The feature which had the smallest difference is reviews_per_month (it actually made no difference to the accuracy when removed).

### Question 6

* For this question, we'll see how to use a linear regression model from Scikit-Learn
* We'll need to use the original column 'price'. Apply the logarithmic transformation to this column.
* Fit the Ridge regression model on the training data.
* This model has a parameter alpha. Let's try the following values: [0, 0.01, 0.1, 1, 10]
* Which of these alphas leads to the best RMSE on the validation set?

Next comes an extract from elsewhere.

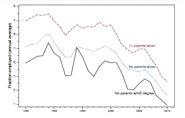 In summary, the literature provides inconclusive evidence on the degree to which employment while in high school is beneficial for human capital accumulation and future earnings, and therefore the welfare implications are similarly inconclusive. If teens are not working because of greater focus on graduating high school or improving their odds of college enrollment, then they may be substituting more formal forms of human capital acquisition for early work experience; given the wide college wage premium, this may have positive welfare consequences for college-bound teens. If instead teens are not working because adults are encroaching on their labor market, increasing competition in the lower-skill labor market and lowering wages (subject to the lower bound of the minimum wage), then this may be more detrimental (especially for non-college bound teens).5 Of course, increased competition in the lower-skill adult labor market may also encourage high school and college graduation by raising the returns to education, so over a longer period, a decline in demand for teen labor due to crowd-out may be indirectly associated with a shift in supply.

Round your RMSE scores to 3 decimal digits.

If there are multiple options, select the smallest alpha.

In [115]:
from sklearn.linear_model import Ridge

In [116]:
y_train_log = np.log1p(train_price.values)
y_val_log = np.log1p(val_price.values)
y_test_log = np.log1p(test_price.values)

#### Train Model

In [117]:
# Checking with alpha of 0.1
model = Ridge(alpha=0.1)
model.fit(X_train, y_train_log)
model
y_ridge_pred = model.predict(X_val)
y_ridge_pred

Ridge(alpha=0.1)

Ridge(alpha=0.1)

array([4.1142478 , 5.21378968, 5.01017209, ..., 4.55940994, 4.19400898,
       5.14469281])

In [118]:
def rmse(y, y_pred):
    se = (y - y_pred) ** 2
    mse = se.mean()
    return np.sqrt(mse)

In [119]:
ridge_rmses = {}
alpha_list = [0, 0.01, 0.1, 1, 10]
for a in alpha_list:
    model = Ridge(alpha=a)
    model.fit(X_train, y_train_log)
    y_ridge_pred = model.predict(X_val)
    rmse_score = rmse(y_val_log, y_ridge_pred).round(3)
    ridge_rmses[a] = rmse_score
ridge_rmses

Ridge(alpha=0)

Ridge(alpha=0.01)

Ridge(alpha=0.1)

Ridge(alpha=1)

Ridge(alpha=10)

{0: 0.497, 0.01: 0.497, 0.1: 0.497, 1: 0.497, 10: 0.498}

Therefore the best RMSE based on 3 d.p. (with the smallest alpha) is 0, which gives an RMSE of 0.497.